1:: Input: Dataset folder path, smart contract instance
2:: for all files in dataset folder do
3:: Read file contents
4:: Compute SHA-256 hash
5:: Retrieve stored hash: query_hash(fileIndex)
6:: if computed hash == stored hash then
7:: Log success
8:: end if
9:: end for

In the registration phase, the smart contract generates a cryptographic digest for each dataset and immutably stores it on the blockchain. This ensures that any subsequent attempt to alter the data can be reliably detected by comparing the original hash with a newly generated one. The process establishes a verifiable snapshot of the dataset’s state at the time of its initial upload. During the verification phase, a new hash is computed from the current dataset and checked against the original.

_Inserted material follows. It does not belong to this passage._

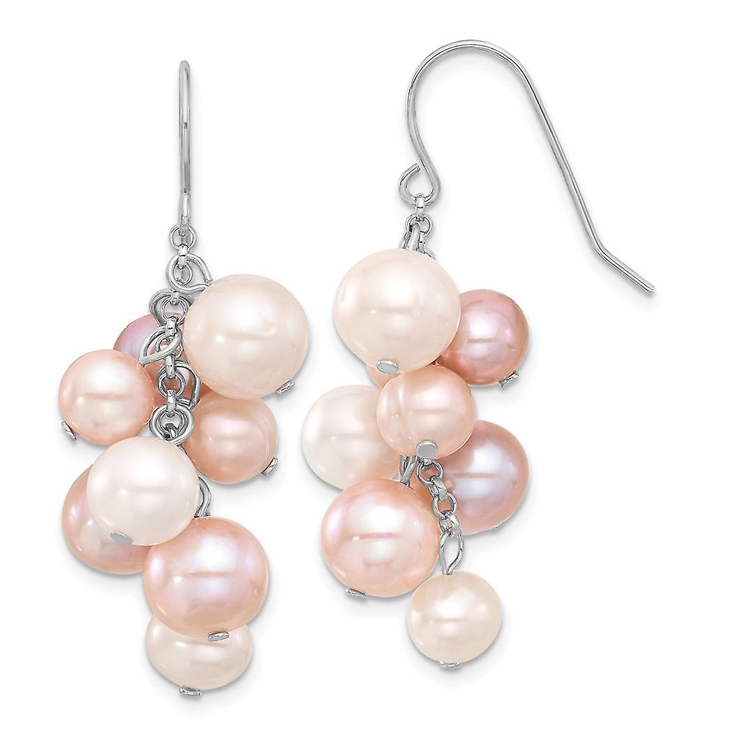925 Sterling Silver Rhodium Plated 6 10mm Multicolor Freshwater Cultured Pearl Long Drop Dangle Earrings 43.7x15.3mm Wid

A match confirms that the dataset is authentic and suitable for use in AI model training. If the values differ, the system flags a potential breach, triggering an alert for further investigation before proceeding with training or deployment. By incorporating this mechanism, the smart contract provides a transparent and tamper-evident foundation for data governance. It ensures a secure and scalable structure for decentralized data workflows—particularly important in real-time AI systems such as autonomous vehicles, where reliability and decision accuracy critically depend on trustworthy input data.

5. Experimental Results

To evaluate the proposed system, we conducted experiments in a controlled virtual environment using the CARLA simulator (version 0.9.13). The simulation server was executed via Docker on a Linux-based system with the following hardware specifications:

Operating System: Ubuntu 20.04 LTS (Canonical Ltd., London, UK);
CPU: Intel Xeon Silver 4216 @ 2.10 GHz (32 cores) (Intel Corporation, Santa Clara, CA, USA);
Memory: 256 GB RAM;
GPU: NVIDIA RTX A6000 (NVIDIA Corporation, Santa Clara, CA, USA).

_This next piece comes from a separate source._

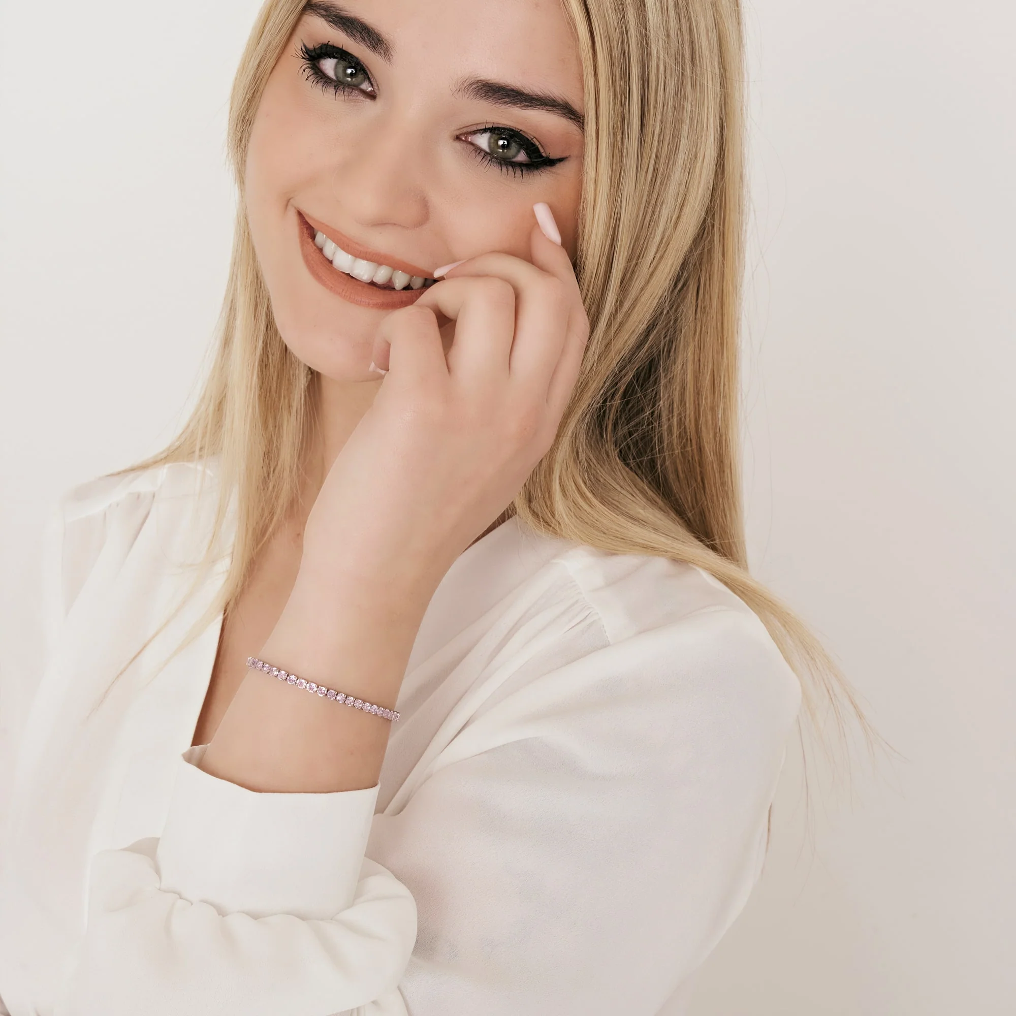 BRACCIALE TENNIS DONNA IN ACCIAIO CON CRISTALLI ROSA

The CARLA simulator was containerized and launched using Docker, with all sensor simulations and environment controls managed internally. Sensor data were collected from simulated autonomous driving scenarios using a custom Python 3.7-based acquisition script integrated with CARLA’s API. This script emulated real-time sensor inputs (camera and LiDAR) to generate raw datasets. To simulate blockchain-based verification, smart contracts were deployed to local test environments using both Hedera and Ethereum platforms. The smart contract logic followed the procedures described in Section 3, implementing hash storage and validation using Web3 APIs. Client-side operations, including hashing and transaction requests, were performed on a macOS-based system with the following specifications:

CPU: Apple M1 (Apple Inc., Cupertino, CA, USA);
Memory: 16 GB RAM;
Storage: 1 TB SSD.

Our proposed system is designed for deployment in real-world autonomous vehicle environments, where on-device data integrity verification is critical. Due to practical limitations, however, the experiments were conducted using the CARLA simulator, which offers a realistic and controllable testing environment for autonomous driving research. CARLA enables simulations with virtual vehicle sensors, allowing us to evaluate the performance of the system under conditions that approximate real-world deployment. The results obtained from this simulated environment provide theoretical validation and insights that are transferable to actual use cases, thereby supporting the feasibility of blockchain-based data integrity frameworks. All blockchain-related functionalities, including transaction requests and hash comparisons, were implemented using JavaScript with Web3.js, supporting interoperability across Hedera and Ethereum platforms.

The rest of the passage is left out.